Two nouns, that's it:

  • Project — a folder on disk. One project holds one body of related work.
  • Page / file — anything inside it. The unit of work.

Two panes, that's it:

  • Chat (left) — the conversation with the agent. It is the project's history: every turn that produced the files you're looking at.
  • Bench (right) — the project's files, rendered as tabs. A permanent Design Files tab lists everything; clicking a file opens it in its own tab.

One rule: the chat holds the conversation, the bench holds the files. A file never appears in the chat. A chat turn never appears in the bench. Every gesture you make on the bench side (adjusting a knob, clicking a button, drawing a stroke, leaving a comment) enqueues a chip into the composer — you stack chips, add typed context, and send the whole batch as a single reviewable turn.


Talking to the agent

You can always just type. You usually won't need to:

  • Tweaks — inline knobs the agent wires up on demand. Pull a slider, flip a toggle, pick a color. Values stay in memory until you hit Save, then they get packaged into one turn.
  • Edit — click an element on the page and change typography / sizing / layout in a properties panel.
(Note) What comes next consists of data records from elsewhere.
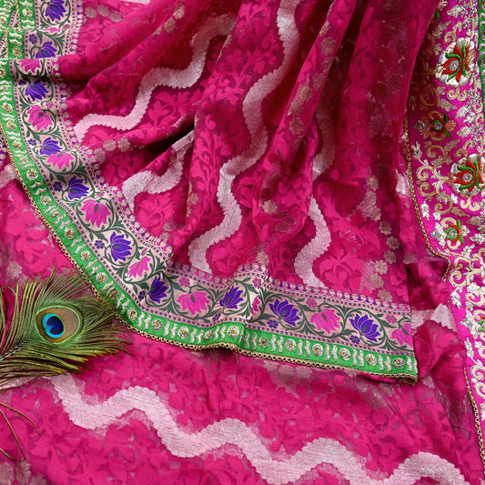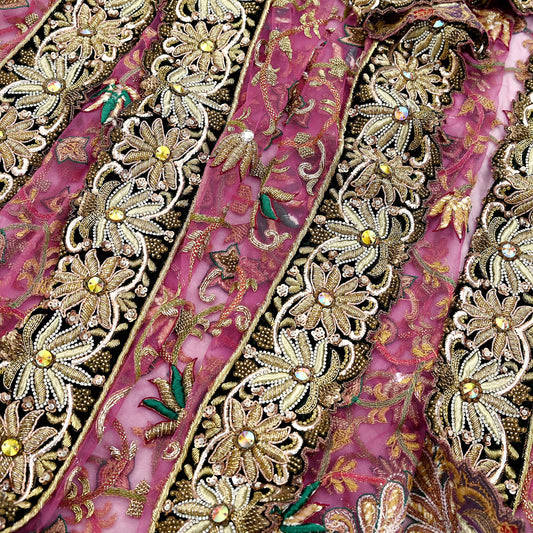 Indian Vintage Heavy Wedding Pink Net/Mesh/ Velvet Hand Embroidered Dupatta Designer By Anamika Khanna Bridal Wear Dabka Zardozi Veil Hijab
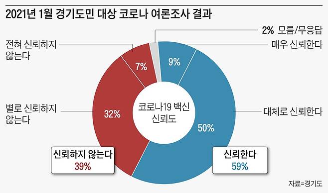 경기도가 여론조사기관에 의뢰해 도민 1000명을 대상으로 코로나 관련 여론조사를 실시한 결과, 코로나 백신에 대해 ‘신뢰한다'는 응답이 59%로 ‘신뢰하지 않는다’는 응답 39%보다 높았다고 26일 밝혔다.
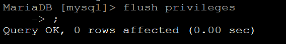 Oke Selanjutnya Kita Ketik Command "flush privileges",Flush Privileges berfungsi untuk memerintahkan flush kepada sistem untuk membaca ulang tanpa harus merestart server mysql

Each change applies live and queues a structured instruction for the agent.
  • Draw — a full-screen canvas overlay. Scribble strokes, drop sticky notes, circle the bit you want changed. On Send, the overlay goes along with the file.
  • Comment — pin a free-form note to an element. Keep it as feedback for yourself or "Send to Adits" to promote it into an agent instruction.
  • Skills — pre-made recipes the agent can invoke. "Make a deck," "Wireframe," "Interactive prototype," etc. Pick one from the composer and the agent loads the matching playbook for this turn.

Your first five minutes

  1. Open the Welcome Workspace. A starter project is seeded on first login with a handful of sample files — a deck, an image, a PDF, a Markdown note. You have something to click on immediately.
  2. Drop a file into the chat or the bench. Uploads land in the project's uploads/ folder. The agent can read any of them on the next turn.
  3. Ask for a deck. "Make me a 5-slide deck about <topic>." The agent picks up the make-a-deck skill, writes an HTML file that works standalone in any browser, and drops it into Design Files.
  4. Tweak it. Click into the deck's properties. Pull a slider. Circle a title with Draw. Add a sticky note. Hit Send. The agent applies everything in one turn.
  5. Export it. Page → HTML bundle. Deck → PPTX or PDF. Image → PNG. Your files are your files.

That's the whole shape. Project in, files out, an agent you control in the middle.